Along the oil production, are the refineries and East African Crude Oil Pipeline, which will transport the resource to the coast for onward exportation.

Reports indicate that at the peak, Uganda will be producing at least 230,000 barrels of oil daily.

Despite all these developments, some activists have expressed concern over the negative impacts of oil production in Uganda.
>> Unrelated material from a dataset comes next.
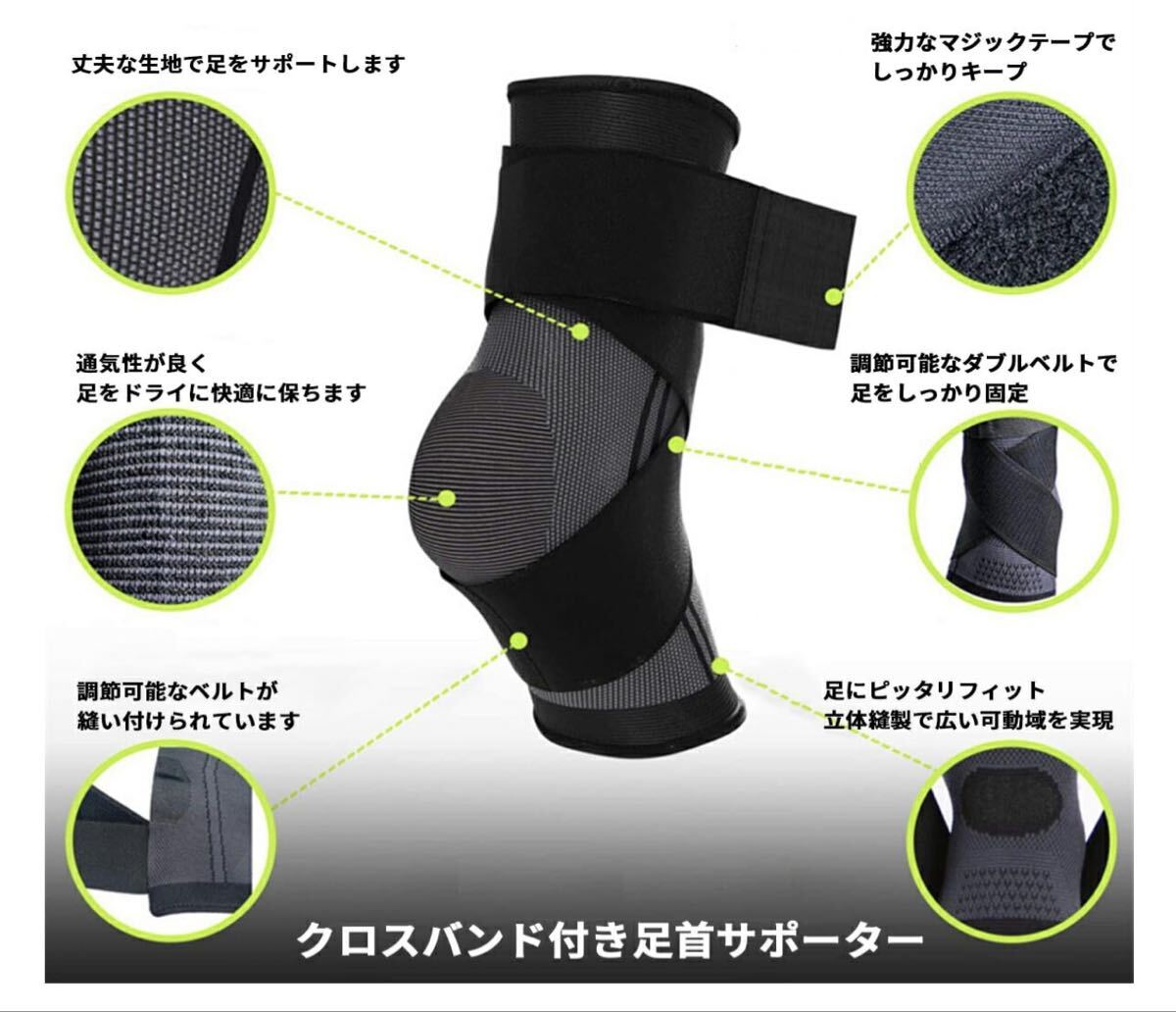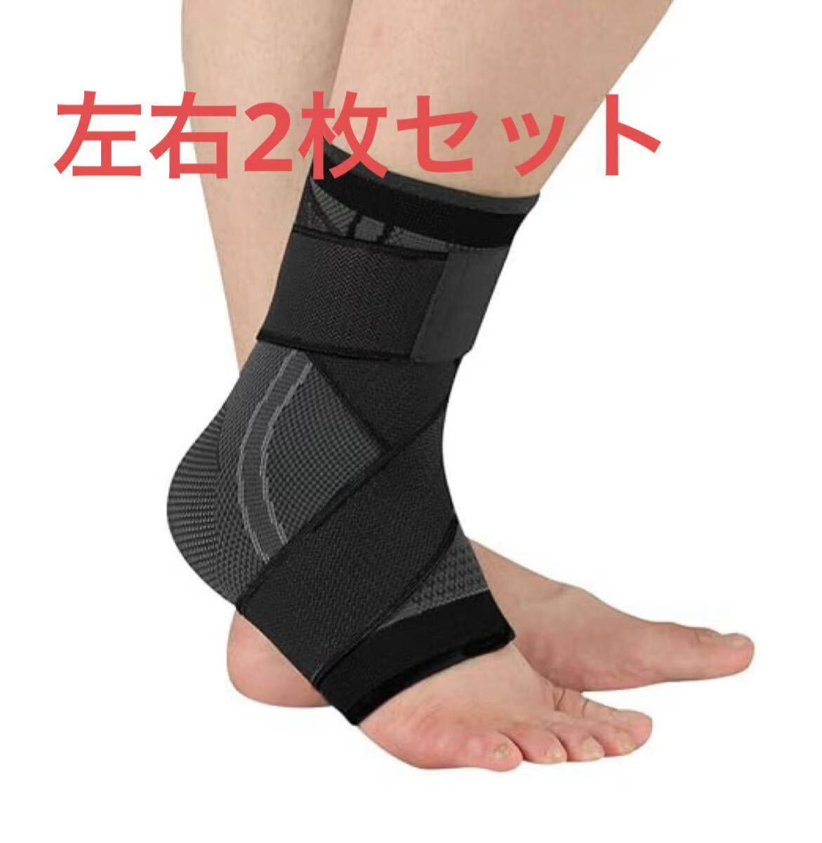 左右兼用2枚セット 足首サポーター スポーツ用 薄い 固定サポート 巻き方  足首保護 薄手 スポーツ用  ブラック Lサイズ

The activists insist oil has come as a curse to Ugandans who were displaced to pave the way for the pipeline as well as to the ecosystem.

Investors are being discouraged from sinking their money in the various opportunities that come along with oil production over alleged rampant corruption and other evils.

However, the good news is that the much-trusted State House Investors Protection Unit (SHIPU) led by Col Edith Nakalema has been roped into the production process.

During a recent joint press briefing by both Nakalema and the Chief Executive Officer of Uganda National Oil Company, Proscovia Nabbanja, Ugandans were assured that their interests in the oil sector will be protected.

 “Government is not only committed to deliver the first oil but it is also looking forward to ensuring that the interests of Ugandans are projected so that they benefit from the oil,” Nakalema said. 

 “Every investment should be protected to ensure steady progress of our motherland,” Afande Nakalema re-echoed.

It should be noted the oil proceeds are expected to break the country’s aid bondage whereby every penny that comes from global superpowers and other agencies arrives with strings attached, irrespective of Uganda’s sovereignty.

For instance out of the current sh52.7 trillion budget for financial year 2023/24, only sh29.7 trillion is locally sourced. The rest of the budget is coming through borrowing, mostly from international lenders.

To reverse this situation, it will take the commitment of government anti-corruption watch bodies to ensure that every oil shilling and dollar counts.

We already know that Nakalema and her team, together with other bodies have been doing wonderful work fighting corruption and we hope they will triple the energy.

In the same spirit of ensuring that government investments are protected, the private investors who will put their resources into oil-related ventures should also be protected.

To put this into context, the oil and gas value chain addition is divided into three segments upstream, midstream, and downstream.

The first two are highly technical given that they involve drilling and related construction as well as the 1400km pipeline.

However, the downstream has a vast number of opportunities for hundreds if not thousands of investors. Downstream mainly involves the provision of goods such as food and services like transport, accommodation, insurance, health services, security, sports, tourism, entertainment etc.

SHIPU should think about both foreign and local investors who will throng the western region and Uganda at large to ensure that oil does not become a curse for the government, its nationals, as well as the friendly foreign community.